Taking business personally


I am in charge of growth for a small service company. We used to rely on mostly face to face marketing, which I had confidence I was good at and brought the company and our clients value. I’m working on pivoting our approach and don’t think it’s going so well in terms of the owner of the company and I being on the same page about what direction to take. My brain is loving to remind me of all the things I have come up with that have not been loved lately (I know that’s a thought too). I ran a couple of ideas past the owner of the company yesterday that he rejected. I’m taking it personally and don’t like the results I’m driving. In my thought download, among others, I found this thought that is part of the culprit.

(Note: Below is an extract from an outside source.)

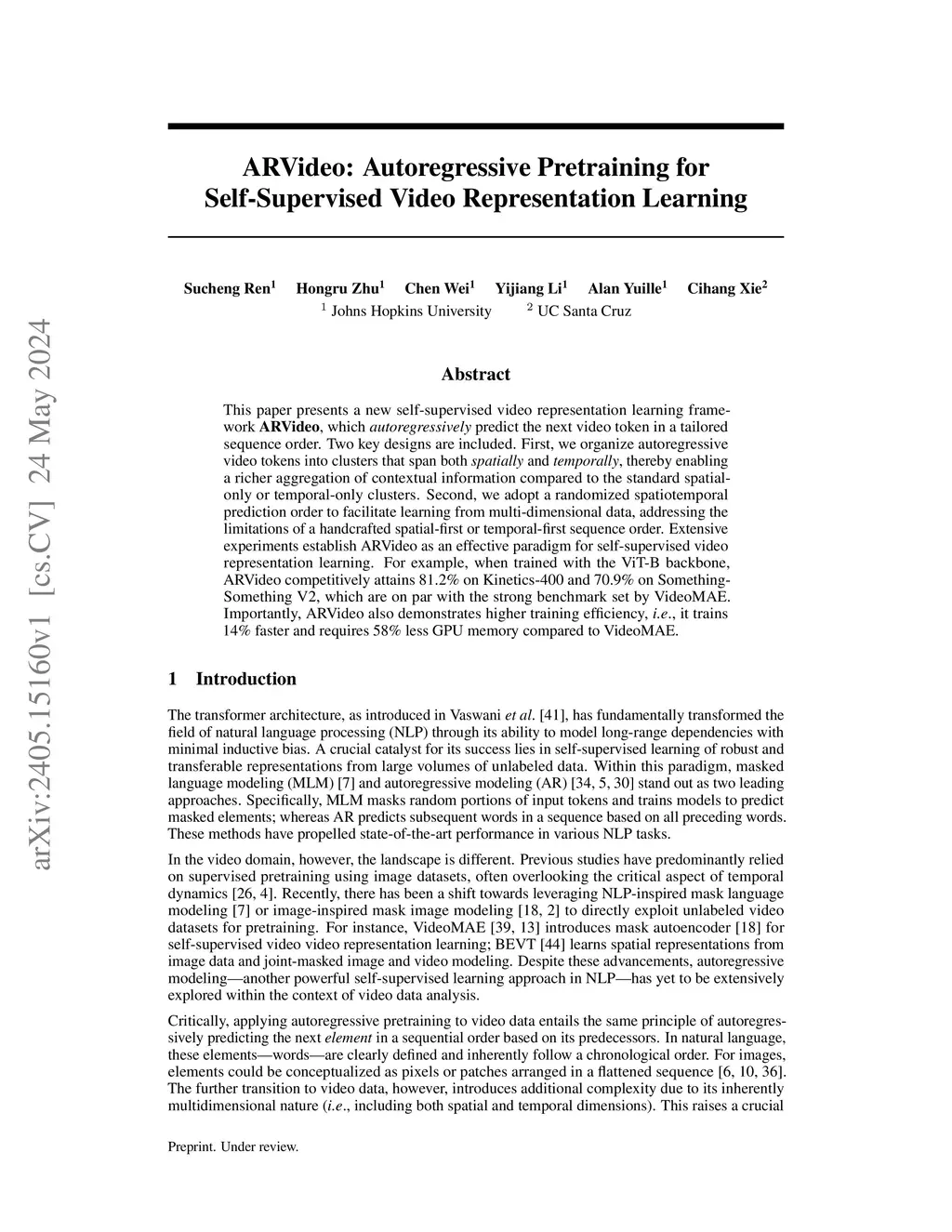 ARVideo: Autoregressive Pretraining for Self-Supervised Video

C – Boss said “it’s a hard no for me” to one idea and passed on another idea in the same day
T – My job is to bring ideas he likes and wants to do
F – In need of validation
A – waste time overthinking my communication with him, get defensive about the idea, daydream about quitting and starting my own business where I can just run with ideas I like (high drama, right?), don’t do the things on my calendar, second guess myself and my capability at work, bring up all the ideas I used to have that got the reaction I liked as a way to beat myself up that I’ don’t have “it” anymore
R – wasted time, I don’t like the job I do

I’m working on tying my result back into my thought. I know as an emotional adult, I am responsible for my own validation. Do you have ideas about where to go next in my model work to help me not make his rejection mean I’m unworthy?